**Input data:**
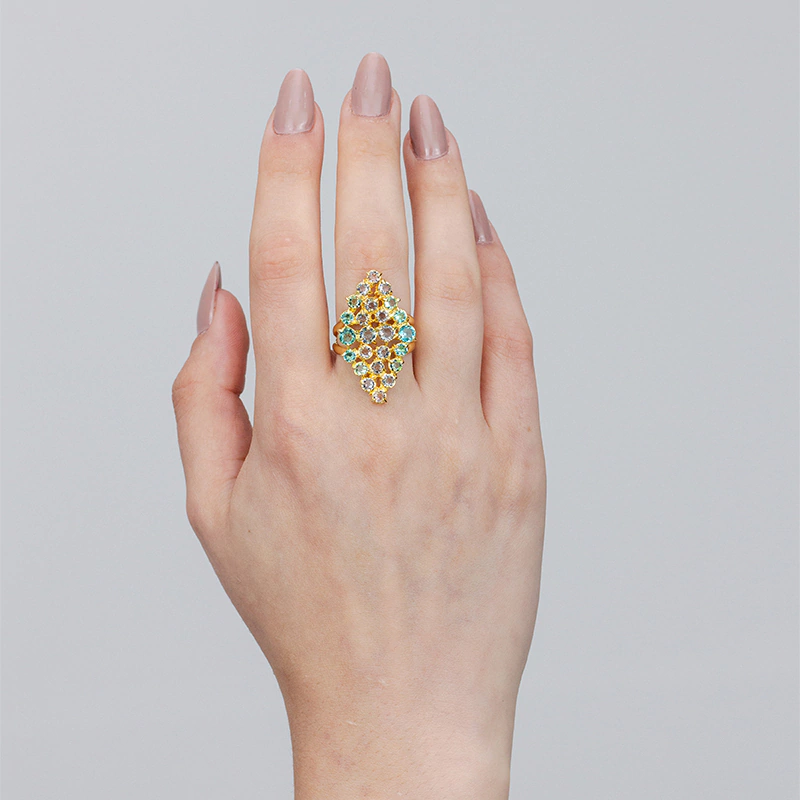 Anel Menés em joia folheada, com banho de ouro amarelo 18k e cristais Topázio sky, Paraíba, Água marinha, Ametista verde, Tanzanita, Safira rosa, Ametista rosa
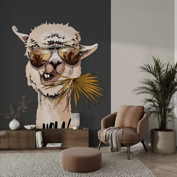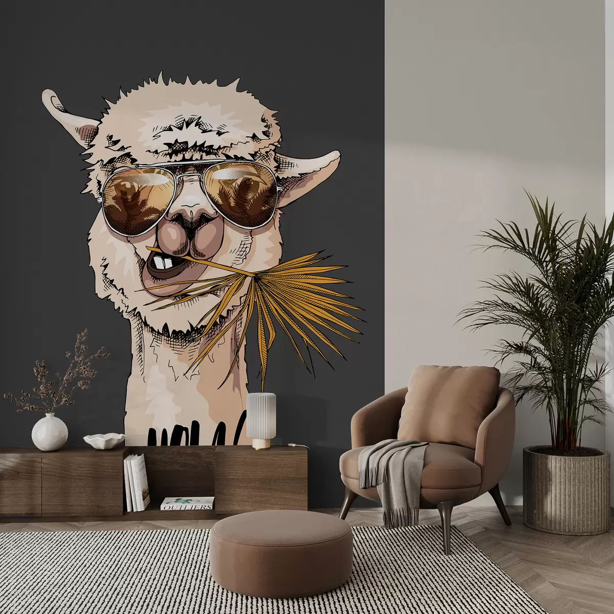 Papier peint photo Portrait d'un lama portant des lunettes de soleil avec un éventail de feuilles de palmier N° u98177v1
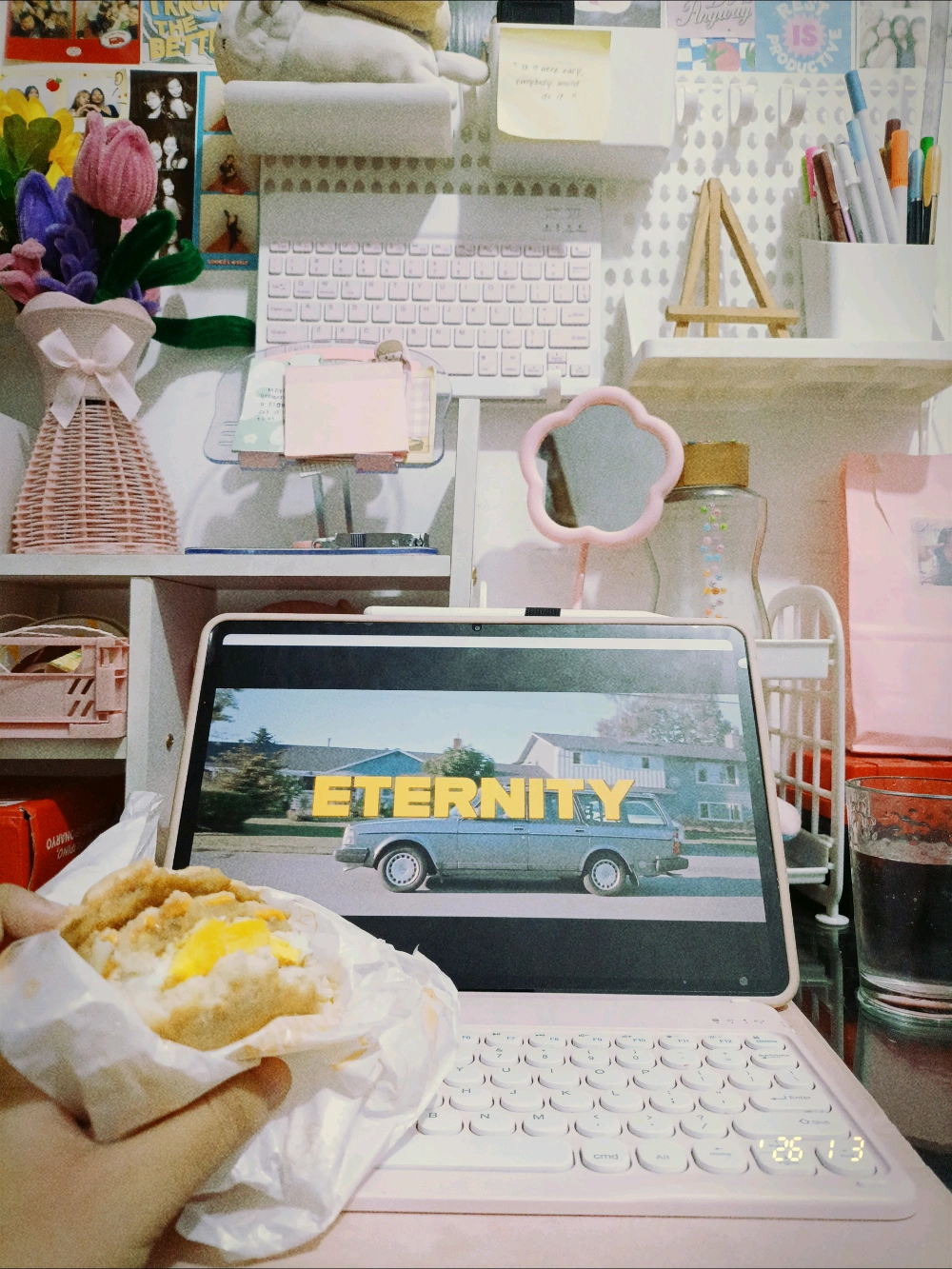 currently watching eternity (2025) with my double chicken burger with egg & supreme cheese 😋
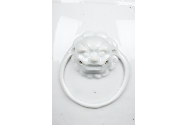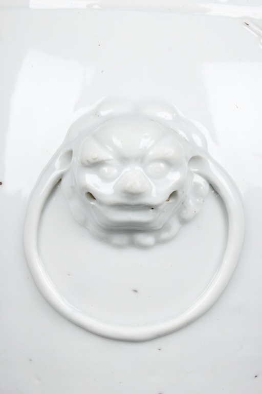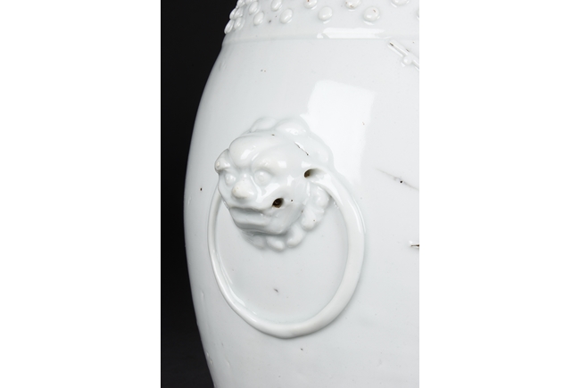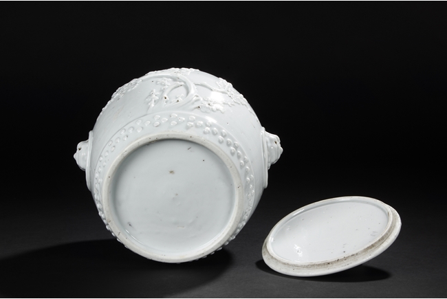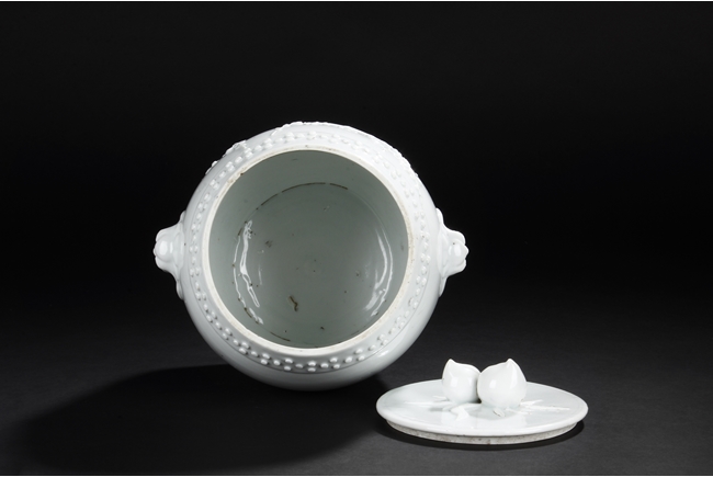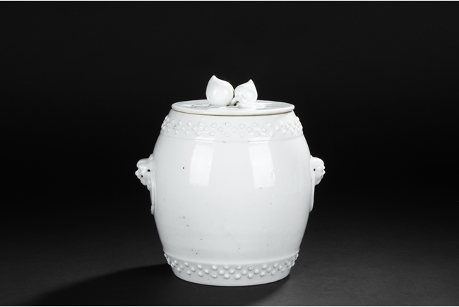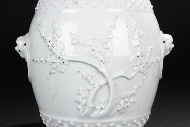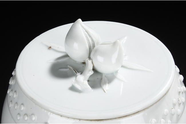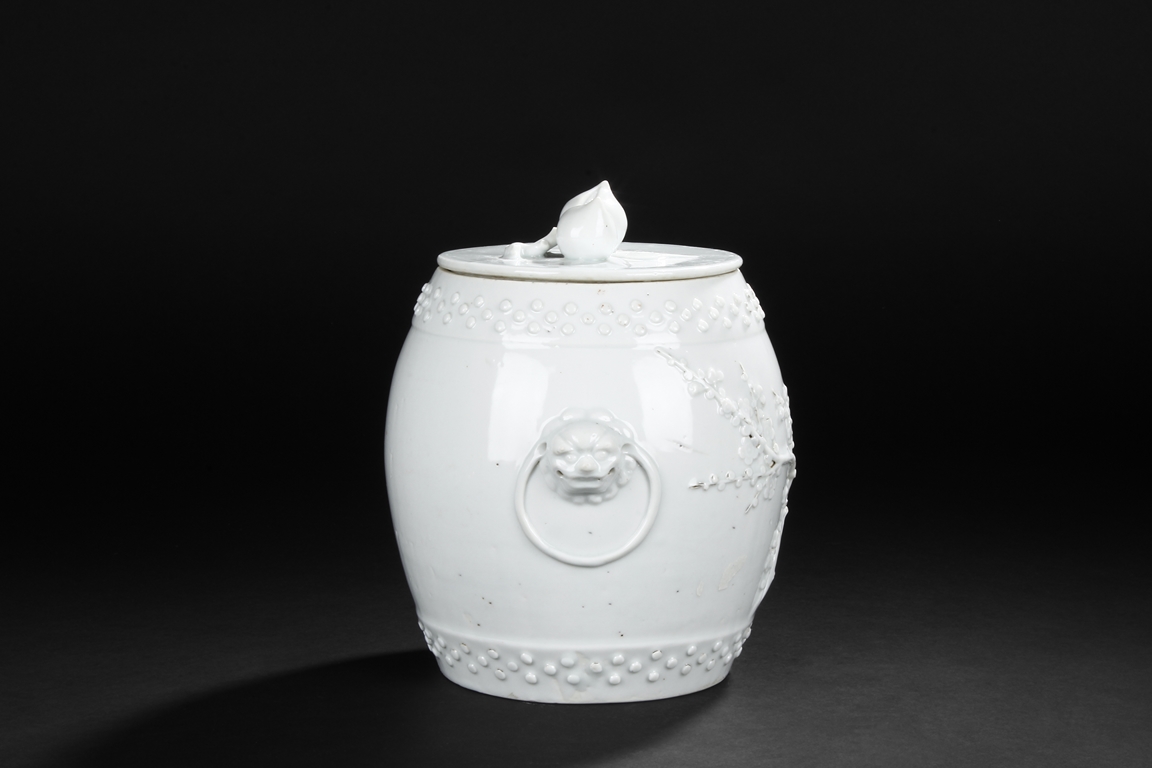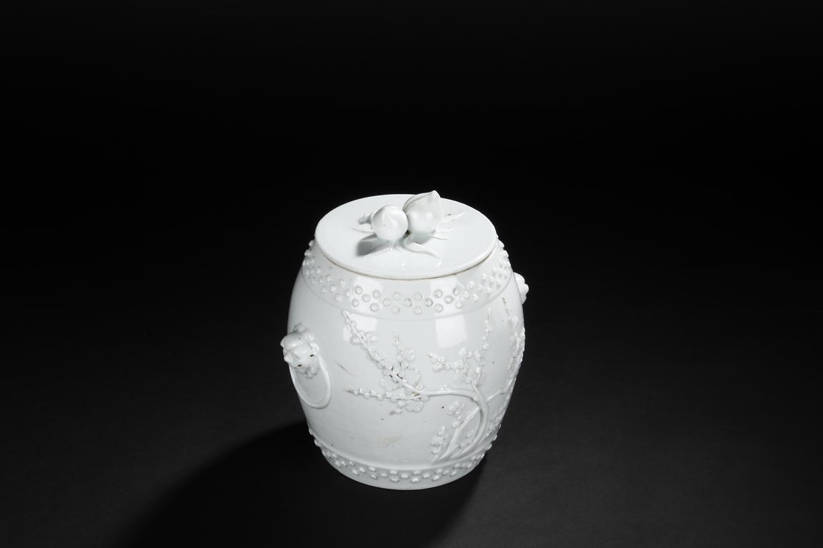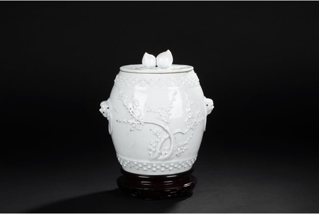 Of baluster form, the jar is applied with relief decoration of plum blossom flanked by two dotted bands surrounding base and rim. The sides are decorated with two high relief mythical beast ring handles and the cover is mounted with two peaches as finial. Qing Dynasty period.

**Task instructions:** All of the data is to be returned exactly, with no pictures included.

**Task result:**
 Anel Menés em joia folheada, com banho de ouro amarelo 18k e cristais Topázio sky, Paraíba, Água marinha, Ametista verde, Tanzanita, Safira rosa, Ametista rosa
 Papier peint photo Portrait d'un lama portant des lunettes de soleil avec un éventail de feuilles de palmier N° u98177v1
 currently watching eternity (2025) with my double chicken burger with egg & supreme cheese 😋
 Of baluster form, the jar is applied with relief decoration of plum blossom flanked by two dotted bands surrounding base and rim. The sides are decorated with two high relief mythical beast ring handles and the cover is mounted with two peaches as finial. Qing Dynasty period.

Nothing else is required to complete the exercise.